(Instructions for the task) Only the lines from the start of the data to the line containing "NOMÉS ENTRAR A", both included, should be output, exactly and without pictures.

Segment Start: Records for this exercise

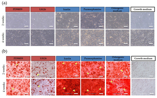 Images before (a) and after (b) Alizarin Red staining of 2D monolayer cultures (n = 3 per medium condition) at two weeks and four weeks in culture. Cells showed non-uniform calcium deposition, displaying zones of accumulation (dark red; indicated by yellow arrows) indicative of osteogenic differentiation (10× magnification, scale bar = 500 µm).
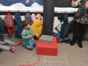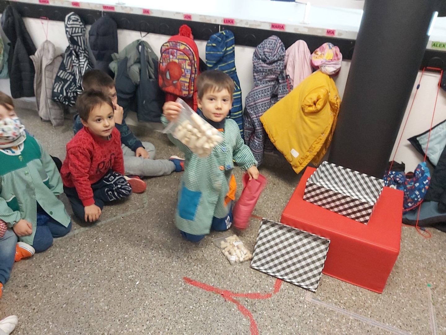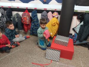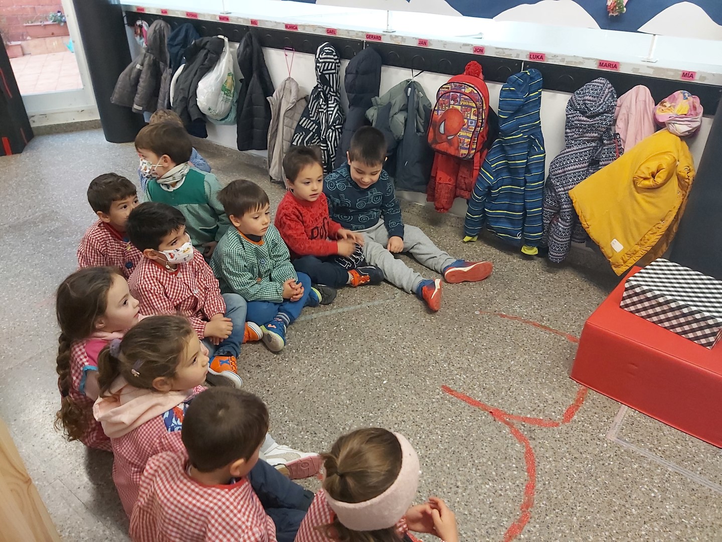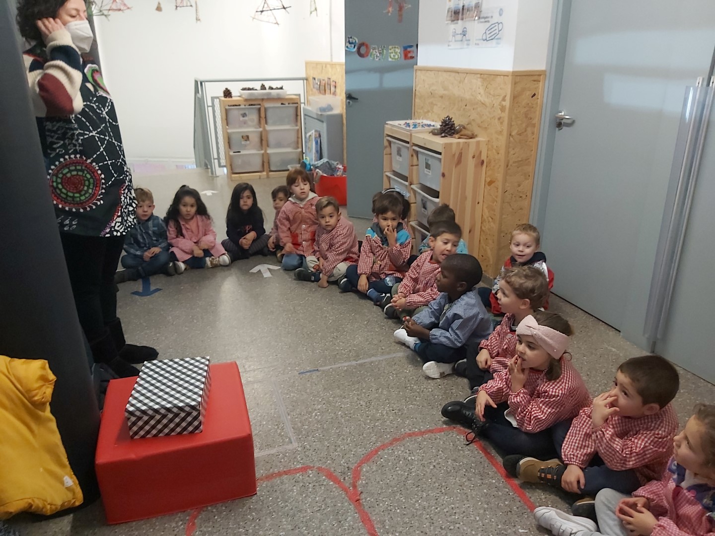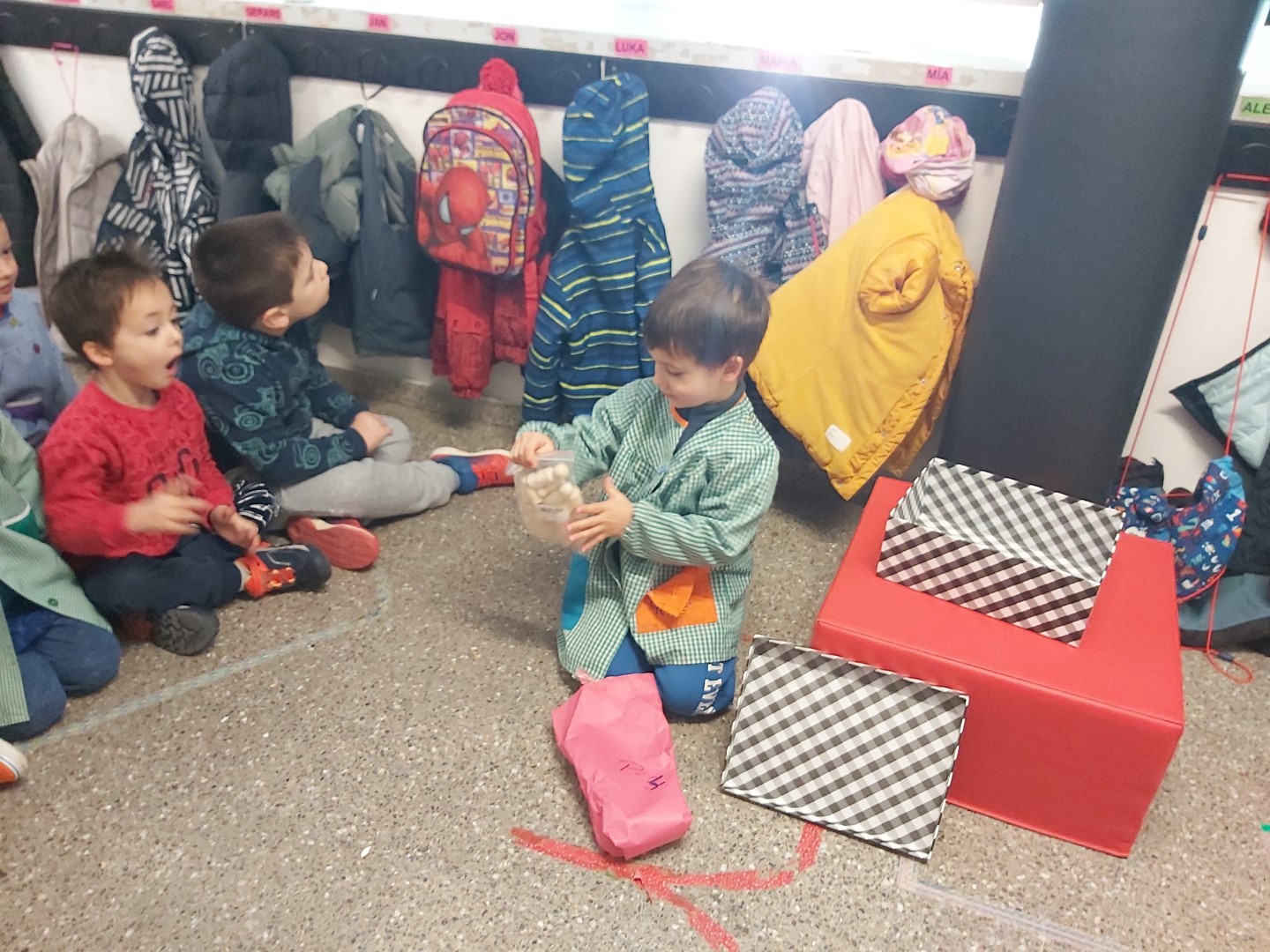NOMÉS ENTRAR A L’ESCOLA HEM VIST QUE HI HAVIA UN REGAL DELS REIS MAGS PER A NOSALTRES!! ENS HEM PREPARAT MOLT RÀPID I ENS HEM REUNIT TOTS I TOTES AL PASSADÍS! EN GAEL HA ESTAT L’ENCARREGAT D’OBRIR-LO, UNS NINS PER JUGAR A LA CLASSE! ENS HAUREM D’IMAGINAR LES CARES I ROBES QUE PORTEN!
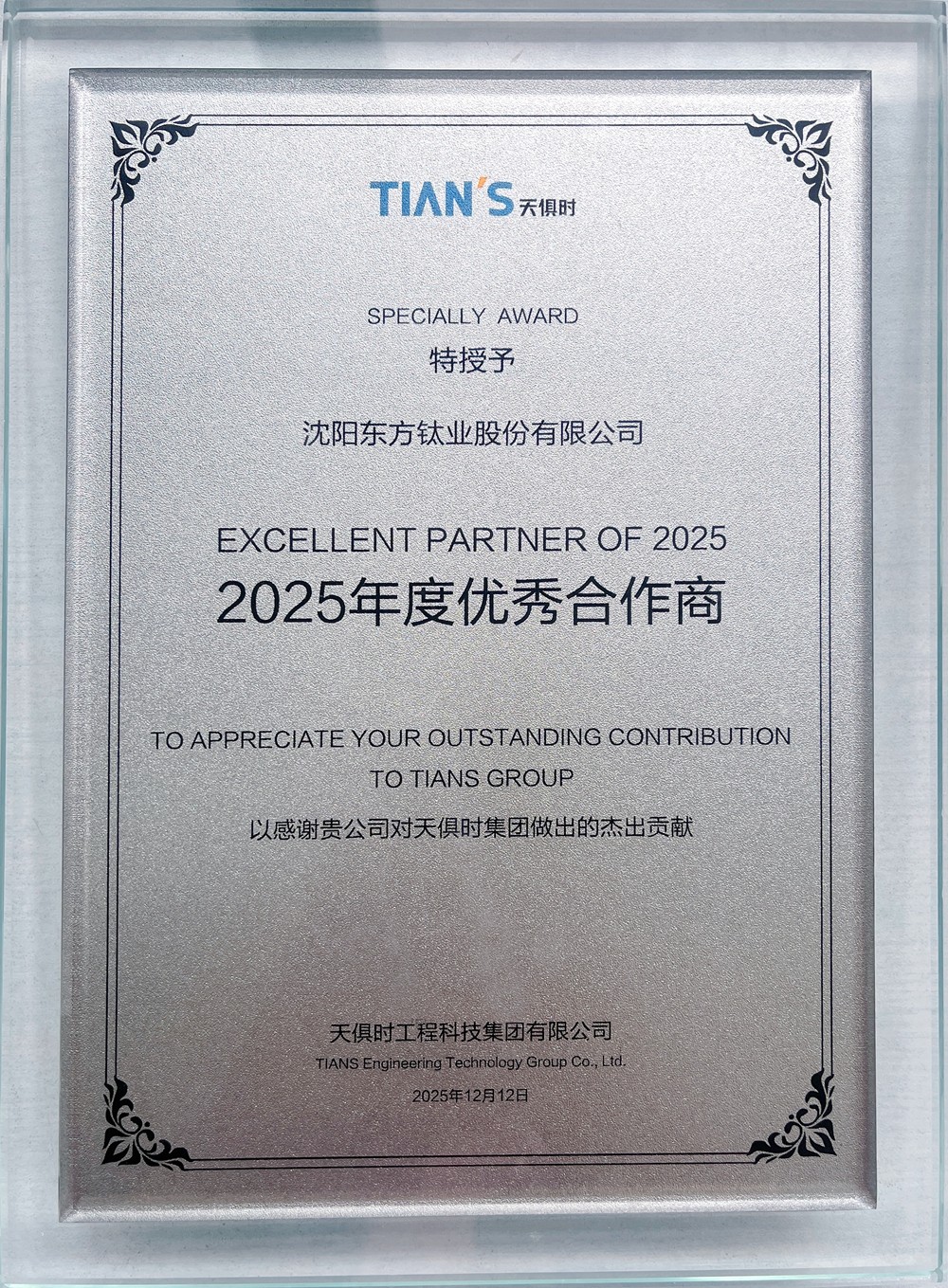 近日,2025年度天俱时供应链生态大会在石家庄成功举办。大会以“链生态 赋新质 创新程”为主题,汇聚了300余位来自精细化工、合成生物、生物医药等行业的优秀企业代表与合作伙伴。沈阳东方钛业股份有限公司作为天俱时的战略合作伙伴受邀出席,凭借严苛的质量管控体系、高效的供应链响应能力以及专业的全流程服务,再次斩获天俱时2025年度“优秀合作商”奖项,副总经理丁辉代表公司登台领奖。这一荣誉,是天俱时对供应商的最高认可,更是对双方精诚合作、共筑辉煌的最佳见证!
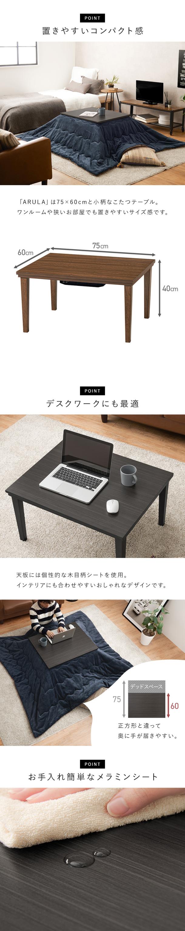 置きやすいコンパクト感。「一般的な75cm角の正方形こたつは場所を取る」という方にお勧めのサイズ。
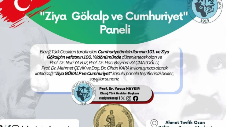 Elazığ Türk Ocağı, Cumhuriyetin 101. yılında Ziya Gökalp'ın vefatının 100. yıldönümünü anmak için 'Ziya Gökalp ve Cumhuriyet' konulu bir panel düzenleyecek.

Segment End: Records for this exercise

(Output)
 Images before (a) and after (b) Alizarin Red staining of 2D monolayer cultures (n = 3 per medium condition) at two weeks and four weeks in culture. Cells showed non-uniform calcium deposition, displaying zones of accumulation (dark red; indicated by yellow arrows) indicative of osteogenic differentiation (10× magnification, scale bar = 500 µm).
NOMÉS ENTRAR A L’ESCOLA HEM VIST QUE HI HAVIA UN REGAL DELS REIS MAGS PER A NOSALTRES!! ENS HEM PREPARAT MOLT RÀPID I ENS HEM REUNIT TOTS I TOTES AL PASSADÍS! EN GAEL HA ESTAT L’ENCARREGAT D’OBRIR-LO, UNS NINS PER JUGAR A LA CLASSE! ENS HAUREM D’IMAGINAR LES CARES I ROBES QUE PORTEN!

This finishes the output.